Your goal: Retype the listing found below exactly, but leave out each picture.
== Given data ==
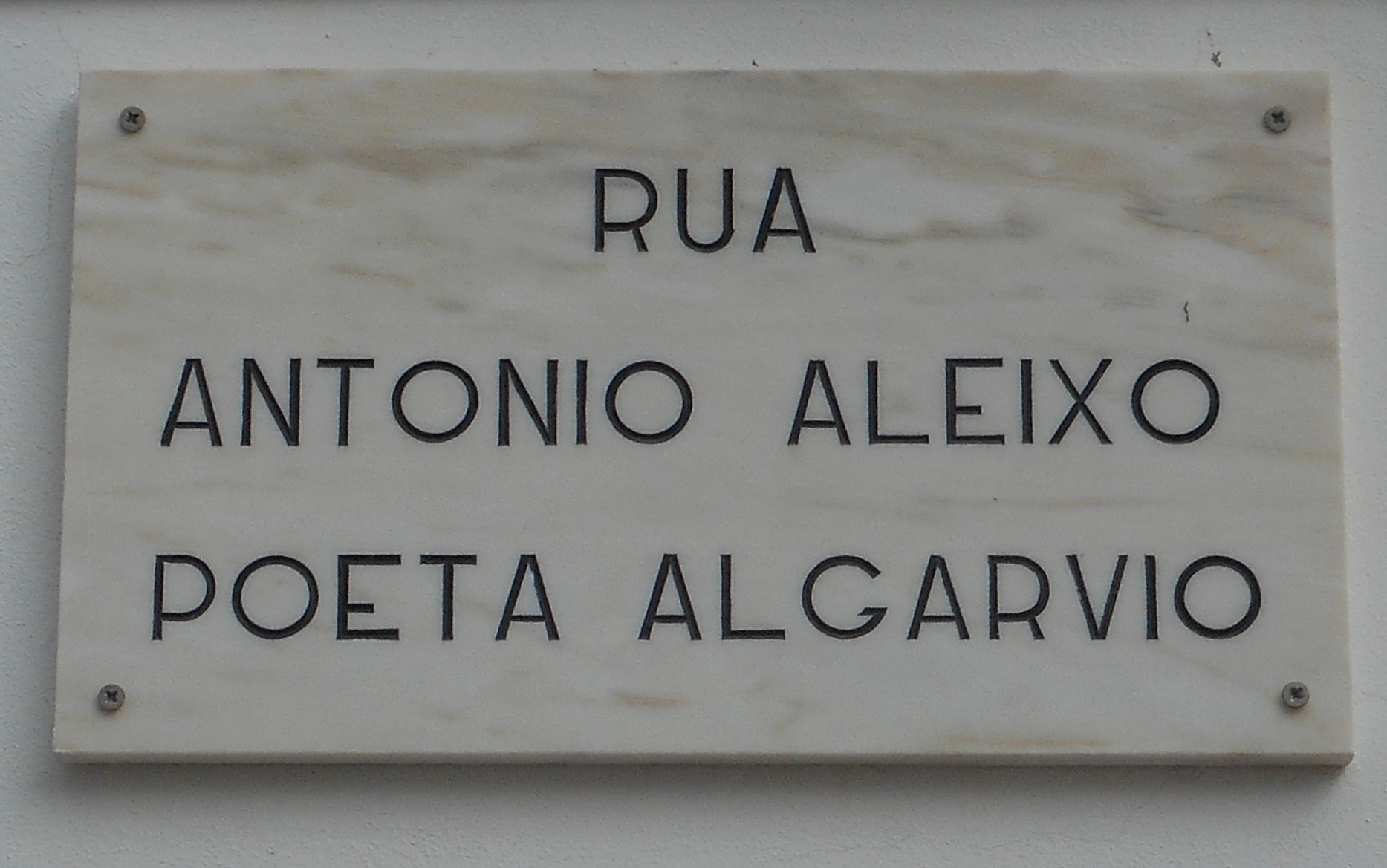 Marbel street sign designating the Rua António Aleixo, in the village of Paderne, Albufeira, Algarve, Portugal.
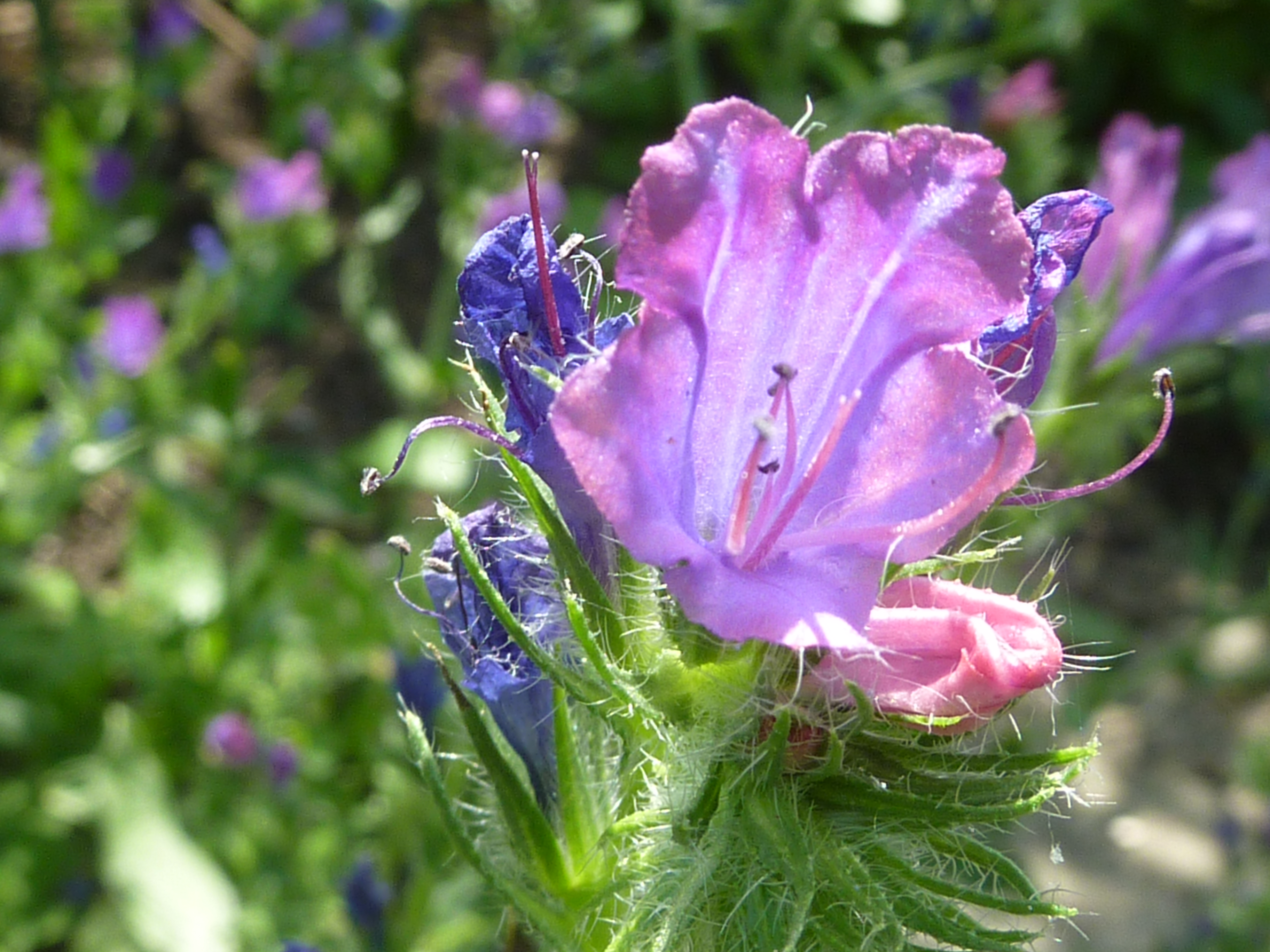 Taken in the Cambridge University Botanic Garden
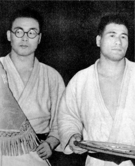 Japanese judoka, Takahiko Ishikawa (left) and Masahiko Kimura (right), after winning the All-Japan Judo Championships in 1949. ※In 1949, Both achieved championship at the same time.
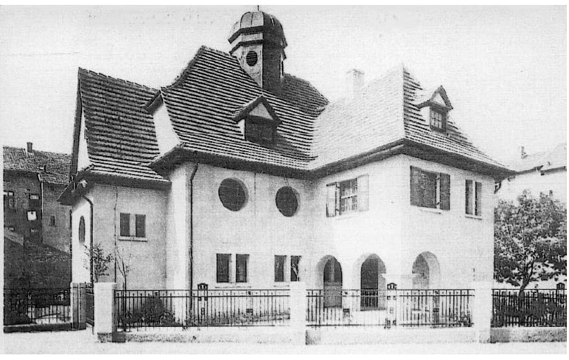 Synagogue in Arnstadt in Thuringia, built in 1913 burnt by the nazis during Kristal nacht
===
Solution to this exercise:
 Marbel street sign designating the Rua António Aleixo, in the village of Paderne, Albufeira, Algarve, Portugal.
 Taken in the Cambridge University Botanic Garden
 Japanese judoka, Takahiko Ishikawa (left) and Masahiko Kimura (right), after winning the All-Japan Judo Championships in 1949. ※In 1949, Both achieved championship at the same time.
 Synagogue in Arnstadt in Thuringia, built in 1913 burnt by the nazis during Kristal nacht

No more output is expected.